Happy Tours motors tourists in lazy loops this side of the Japanese Friendship Bridge. The wake gently jostles the boat people, in their long fishing crafts, strung up with nets, hammocks, small covered areas in the centre where the family cooks, sleeps, rests, cleans their catch, seeks shade. This is home and work and play-space and yard and mode of transportation, docked as they are in the garbage heap that overflows down the concrete banks into the water, the boat people scavenging among the street kids, krama (the ever-present, endlessly versatile, traditional Cambodian scarf) tied around their heads and faces – to keep out the stench, the flies, the dust, the sun that beats even in this, the “cool” season.

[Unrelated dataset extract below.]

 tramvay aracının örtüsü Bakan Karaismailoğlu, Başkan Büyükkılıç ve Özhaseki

Debris and garbage drift slowly beside the docked families, among the double-decker tour boats, as children swim and splash and bathe and urinate, as others dip their feet, catch their supper, wash their clothing.
Fifteen meters away, along the crowded boardwalk, sits a small pagoda, host to some sort of ceremony: tinny music, mounds of food, extravagant traditional dress – rich, fiery colours, metallic silks that catch the sun and ripple into two and three tones.

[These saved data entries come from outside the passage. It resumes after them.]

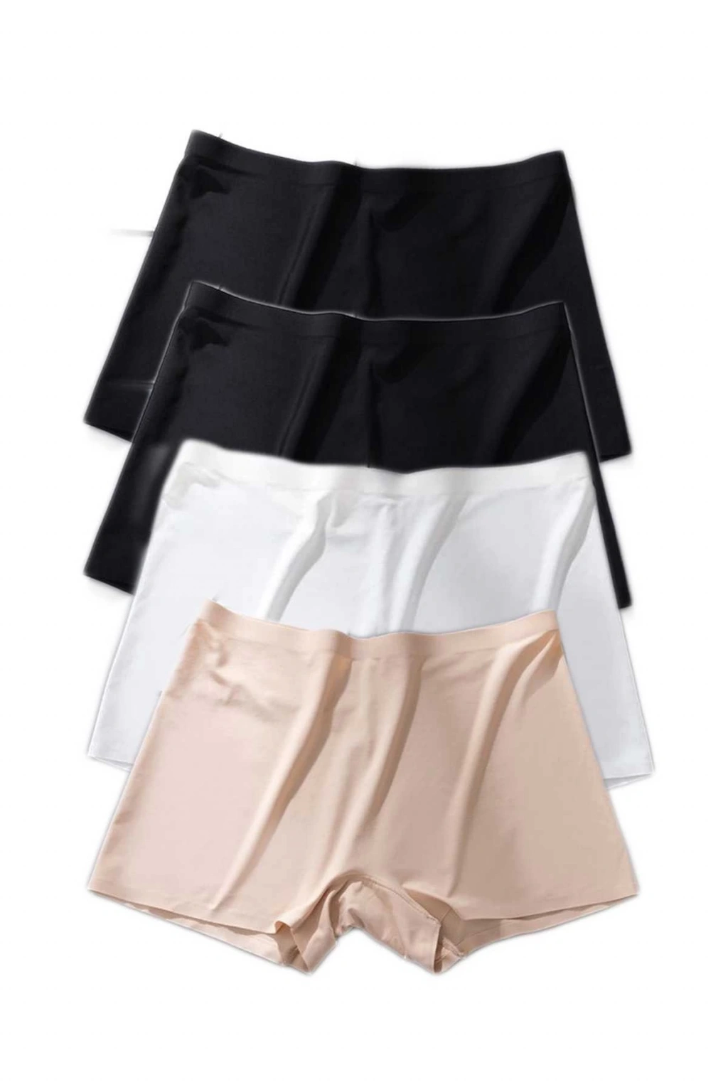 4 Adet Kadın Dikişsiz Görünmez İz Yapmaz Mini Şort Boxer Siyah Beyaz Ten
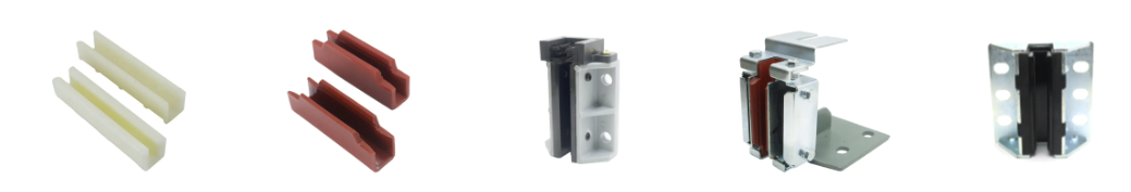 A felvonóvezető saruk a felvonófülkére és az ellensúlyra szerelt fontos alkatrészek. Fő funkciójuk, hogy a felvonófülkét a vezetősínek mentén gördülékenyen vezessék, és korlátozzák a kabin oldalirányú elmozdulását. A vezetőpapucsok gyakori típusai közé tartoznak a csúszó vezetőpapucsok és a görgős vezetőpapucsok, amelyek kulcsszerepet játszanak az ütéselnyelésben, a zajcsökkentésben és a stabil működésben.
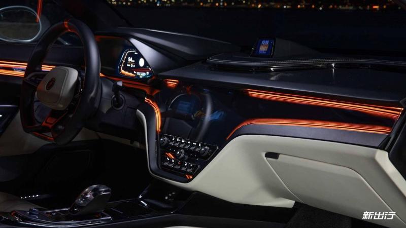 尾部造型相比车头和车侧来说就要显得有未来感不少,首先尾部没有采用一个常规的造型,而是采用了一个环绕式的灯带设计,内部的造型与车头的相同。
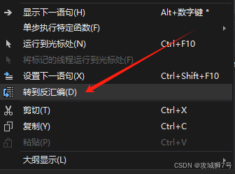 如下代码示例均可在vs软件断点调试时,在代码处右键弹出反汇编选项,点击后即可看到对应的汇编代码。

Foreigners stroll and linger, gawking, gawked at, sun burnt, saddled with cameras and rip-off hiking gear. Old women hawk their goods, families with connections – Lexus connections (these SUV’s are notorious here as an indicator that the driver has access to big government money, and therefore quite likely corruption as well) – wander with their children, dae-leenging (“walk-playing” as they say in Khmer), snacking and chatting, as small boys, barefoot and covered in dust catch birds among their feet to be sold for use in religious ceremonies.

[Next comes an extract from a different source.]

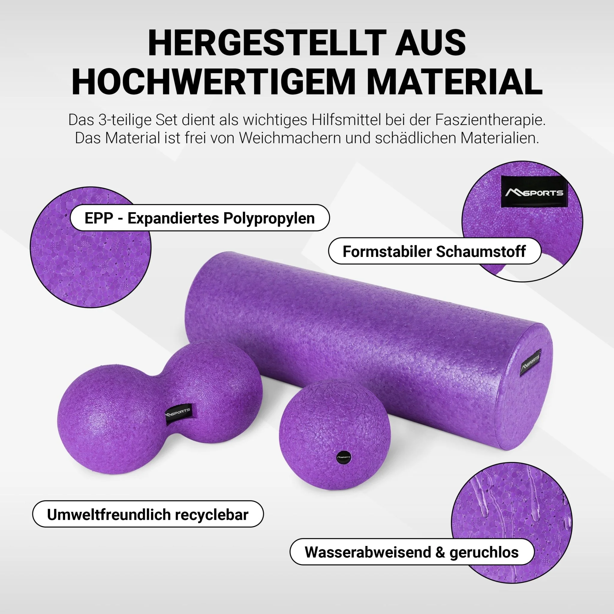 Das Faszien Set ist das ideale Trainingsgerät für eine effektive Eigenmassage. Die glatte Oberfläche eignet sich ideal zur Anwendung am gesamten Körper.

These are the contrasting faces of Cambodia – of Phnom Penh at least, which I am coming to see and touch – taste a little more each day – the many faces which overlap and interlay, falling into each other, jostling for my attention – so much so that I can barely look away to keep my pen moving across the page…
… I really can’t get over the falling together of faces that happen in this dusty, bustling city. Everything is falling in on itself, growing over itself, the privation neck in neck with brand-new prosperity – this city overflows and interflows with startling contrasts and beautifully dissonant juxtapositions…
Nicole Cober Bauman
18 January 2007

May 5th, 2007 at 6:25 am
Wow you write pretty Nicole! Isn’t this the story we all know so well? Where do we fit in? Where do we want to be? Where do Cambodians want us to be?